Provided entries =>
____
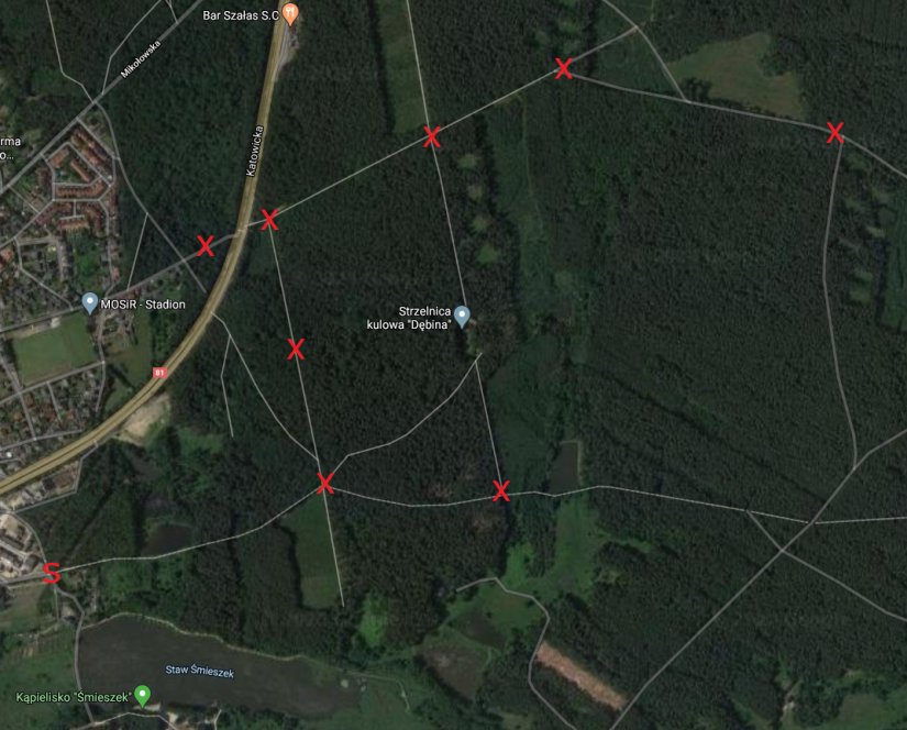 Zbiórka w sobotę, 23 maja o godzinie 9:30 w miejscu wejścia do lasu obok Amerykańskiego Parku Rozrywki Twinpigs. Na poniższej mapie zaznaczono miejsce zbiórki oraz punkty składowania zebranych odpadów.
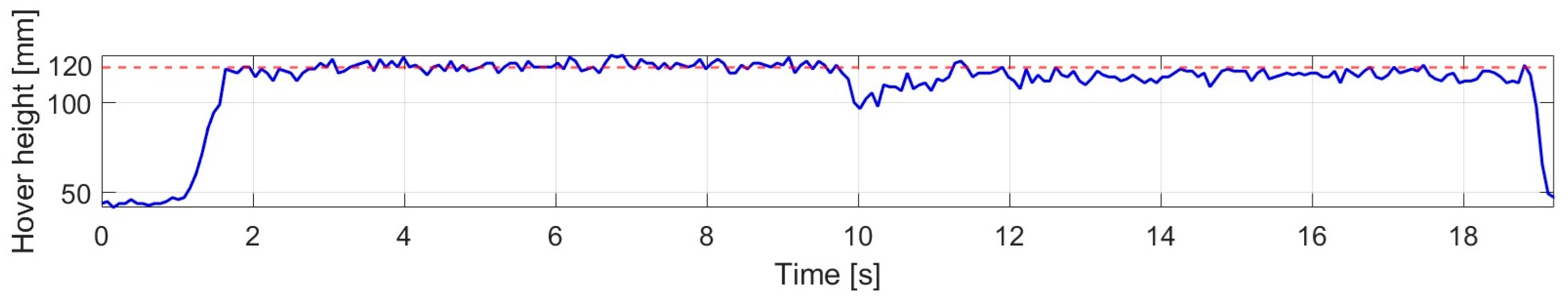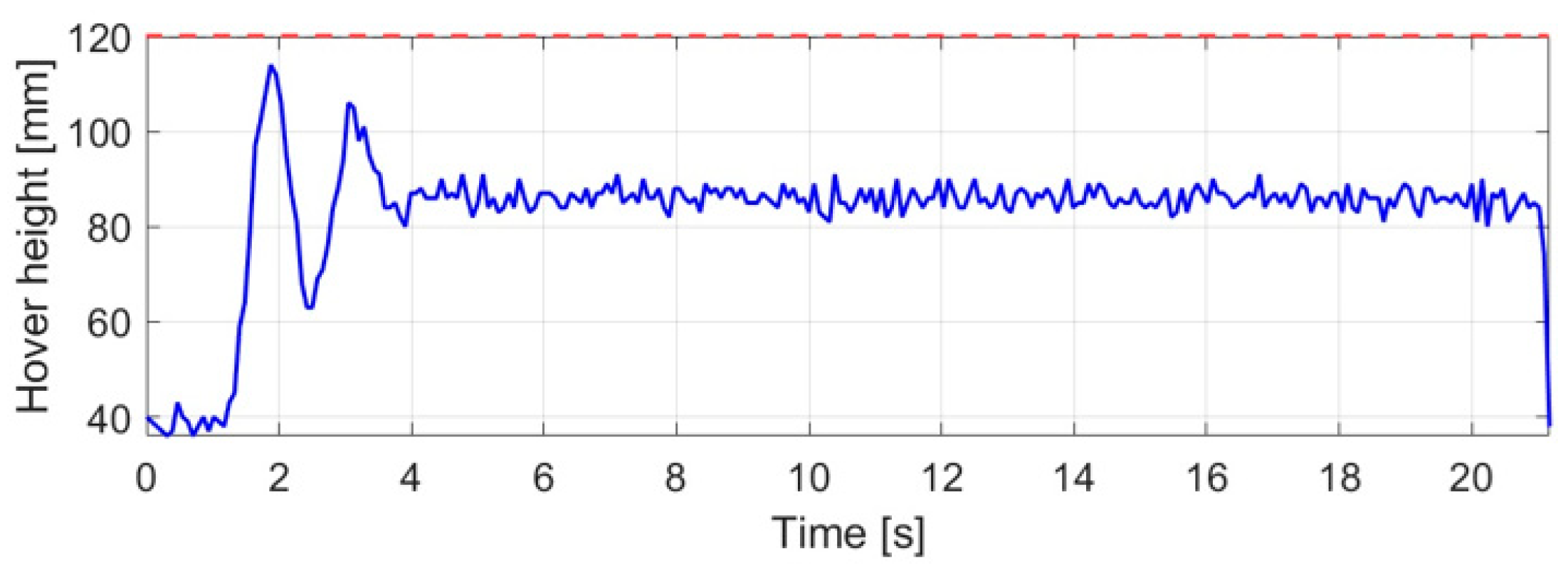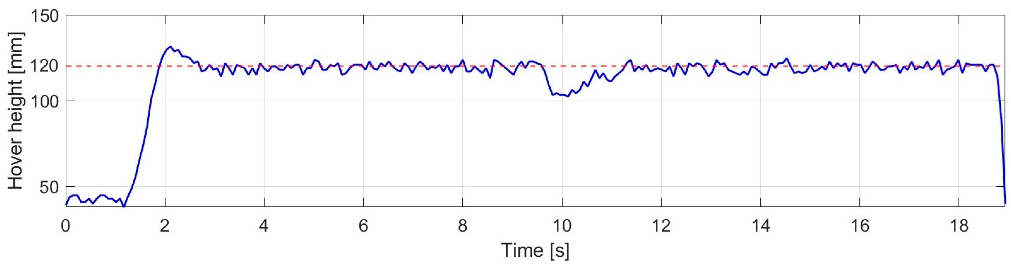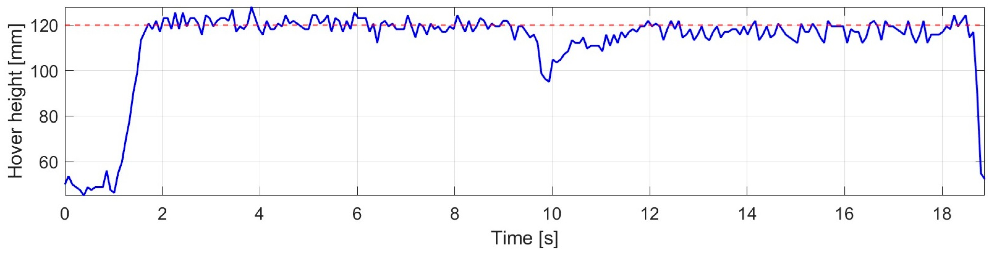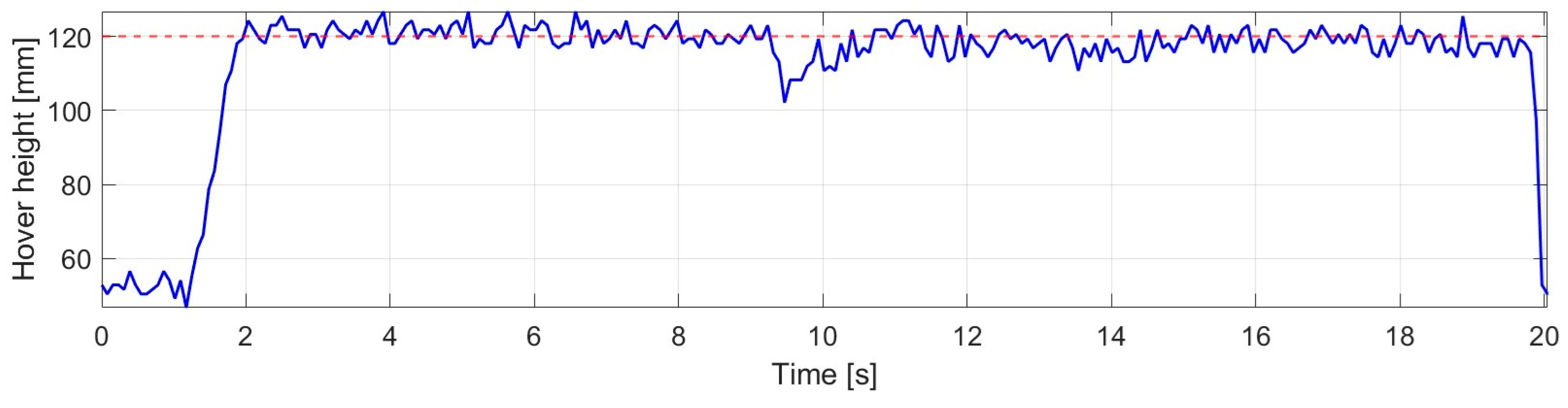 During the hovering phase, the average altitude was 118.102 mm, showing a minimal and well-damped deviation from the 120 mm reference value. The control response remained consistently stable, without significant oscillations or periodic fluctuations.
____
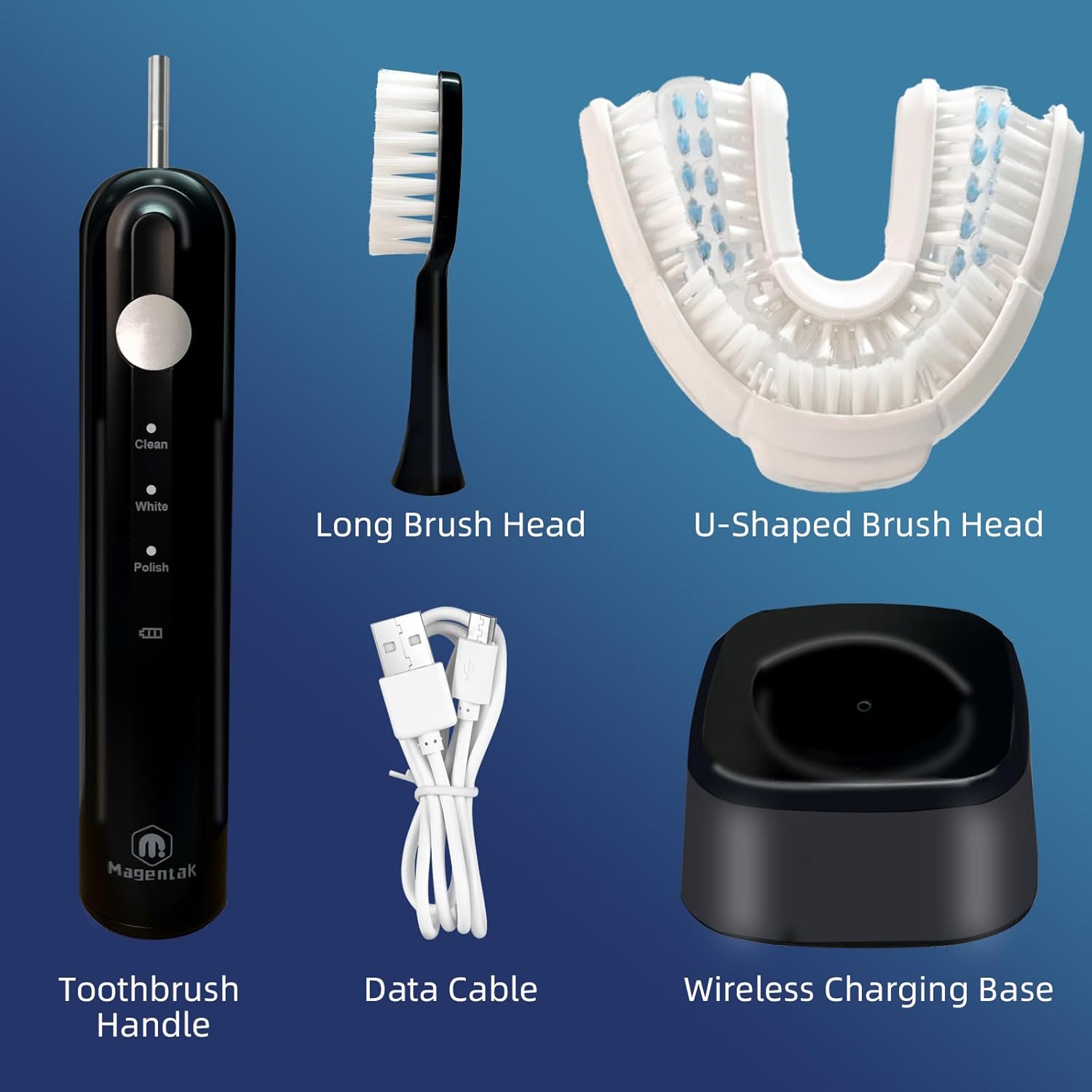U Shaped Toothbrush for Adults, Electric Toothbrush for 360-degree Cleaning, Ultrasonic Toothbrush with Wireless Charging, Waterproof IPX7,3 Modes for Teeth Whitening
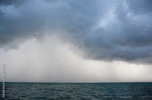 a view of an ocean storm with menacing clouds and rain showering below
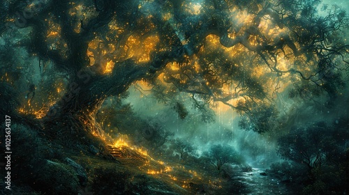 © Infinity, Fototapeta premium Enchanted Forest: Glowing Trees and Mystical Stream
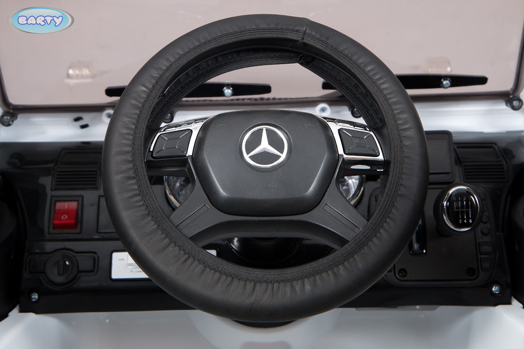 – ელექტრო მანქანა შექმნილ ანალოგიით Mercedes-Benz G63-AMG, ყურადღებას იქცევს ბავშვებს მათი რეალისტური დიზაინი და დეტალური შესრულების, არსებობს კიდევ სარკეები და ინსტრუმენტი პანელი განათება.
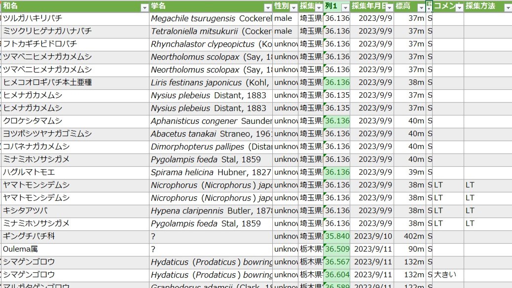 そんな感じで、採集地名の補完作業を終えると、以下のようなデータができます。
____
What needs to be done =>
Among the records above, locate the line containing "U Shaped Toothbrush" and the line containing "そんな感じで、採集地名の補完作業を終えると、以下のようなデータができます。", then transcribe exactly the lines starting at the first and ending at the second, with no pictures.

Output for this exercise =>
U Shaped Toothbrush for Adults, Electric Toothbrush for 360-degree Cleaning, Ultrasonic Toothbrush with Wireless Charging, Waterproof IPX7,3 Modes for Teeth Whitening
 a view of an ocean storm with menacing clouds and rain showering below
 © Infinity, Fototapeta premium Enchanted Forest: Glowing Trees and Mystical Stream
 – ელექტრო მანქანა შექმნილ ანალოგიით Mercedes-Benz G63-AMG, ყურადღებას იქცევს ბავშვებს მათი რეალისტური დიზაინი და დეტალური შესრულების, არსებობს კიდევ სარკეები და ინსტრუმენტი პანელი განათება.
 そんな感じで、採集地名の補完作業を終えると、以下のようなデータができます。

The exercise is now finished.